In accordance with the regulatory requirements provided at 45 CFR 75.113 and Appendix XII to 45 CFR Part 75, recipients that have currently active Federal grants, cooperative agreements, and procurement contracts from all Federal awarding agencies with a cumulative total value greater than $10,000,000 for any period of time during the period of performance of a Federal award, must report and maintain the currency of information reported in the System for Award Management (SAM) about civil, criminal, and administrative proceedings in connection with the award or performance of a Federal award that reached final disposition within the most recent five-year period. The recipient must also make semiannual disclosures regarding such proceedings. Proceedings information will be made publicly available in the designated integrity and performance system (currently FAPIIS). This is a statutory requirement under section 872 of Public Law 110-417, as amended (41 U.S.C. 2313). As required by section 3010 of Public Law 111-212, all information posted in the designated integrity and performance system on or after April 15, 2011, except past performance reviews required for Federal procurement contracts, will be publicly available. Full reporting requirements and procedures are found in Appendix XII to 45 CFR Part 75 Award Term and Conditions for Recipient Integrity and Performance Matters.

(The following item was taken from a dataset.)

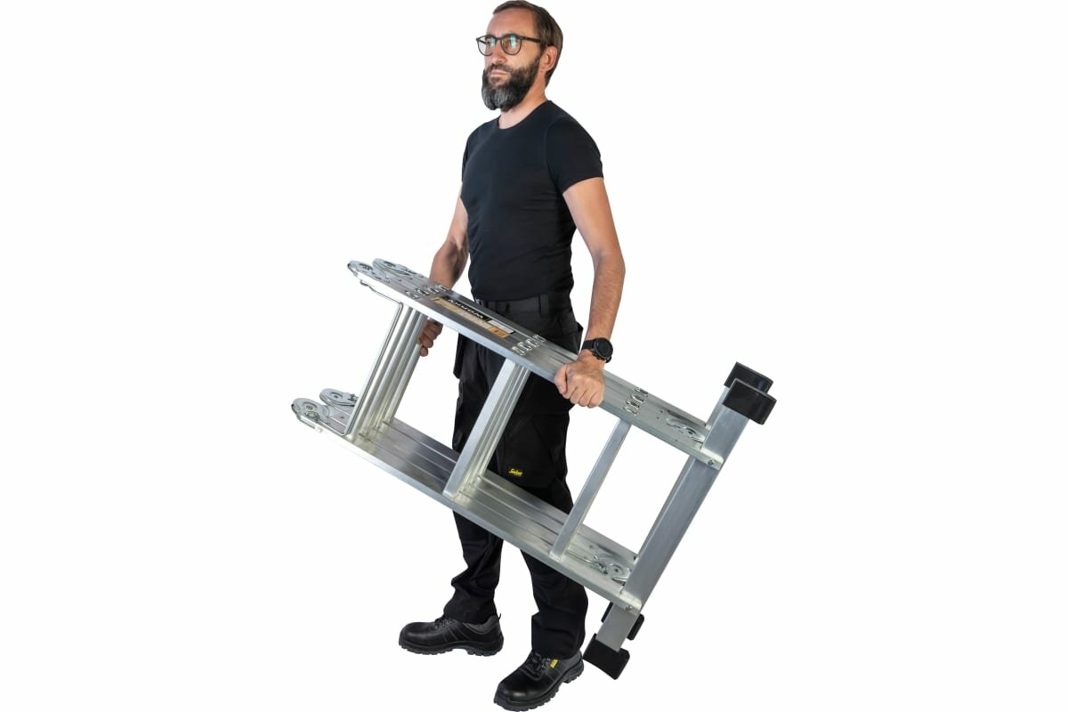 Новая высота Лестница-трансформер 3-х секционная 3×7 ступеней, 3×1,9 м, высота 4,5 м, нагрузка 150 кг, алюминий, новая высота
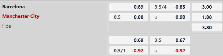Thông tin tỷ lệ kèo bóng đá Barcelona vs Man City:

We encourage inquiries concerning this funding opportunity and welcome the opportunity to answer questions from potential applicants.

eRA Service Desk (Questions regarding ASSIST, eRA Commons registration, submitting and tracking an application, documenting system problems that threaten submission by the due date, post submission issues)
Finding Help Online: http://grants.nih.gov/support/ (preferred method of contact)
Telephone: 301-402-7469 or 866-504-9552 (Toll Free)

Grants.gov Customer Support (Questions regarding Grants.gov registration and submission, downloading forms and application packages)
Contact Center Telephone: 800-518-4726
Email: [email protected]

GrantsInfo (Questions regarding application instructions and process, finding NIH grant resources)
Email: [email protected] (preferred method of contact)
Telephone: 301-945-7573

Karl Krueger, Ph.D.
National Cancer Institute (NCI)
Telephone: 240-276-7026
Email: [email protected]

Sudhir Srivastava, Ph.D., M.P.H..
National Cancer Institute (NCI)
Telephone: 240-276-7040
Email: [email protected]

Referral Officer
National Cancer Institute (NCI)
Telephone: 240-276-6390
Email: [email protected]

Rogers R Gross II, M.B.A.
National Cancer Institute (NCI)
Telephone: 240-276-7589
Email: [email protected]

Recently issued trans-NIH policy notices may affect your application submission. A full list of policy notices published by NIH is provided in the NIH Guide for Grants and Contracts. All awards are subject to the terms and conditions, cost principles, and other considerations described in the NIH Grants Policy Statement.

Awards are made under the authorization of Sections 301 and 405 of the Public Health Service Act as amended (42 USC 241 and 284) and under Federal Regulations 42 CFR Part 52 and 45 CFR Part 75.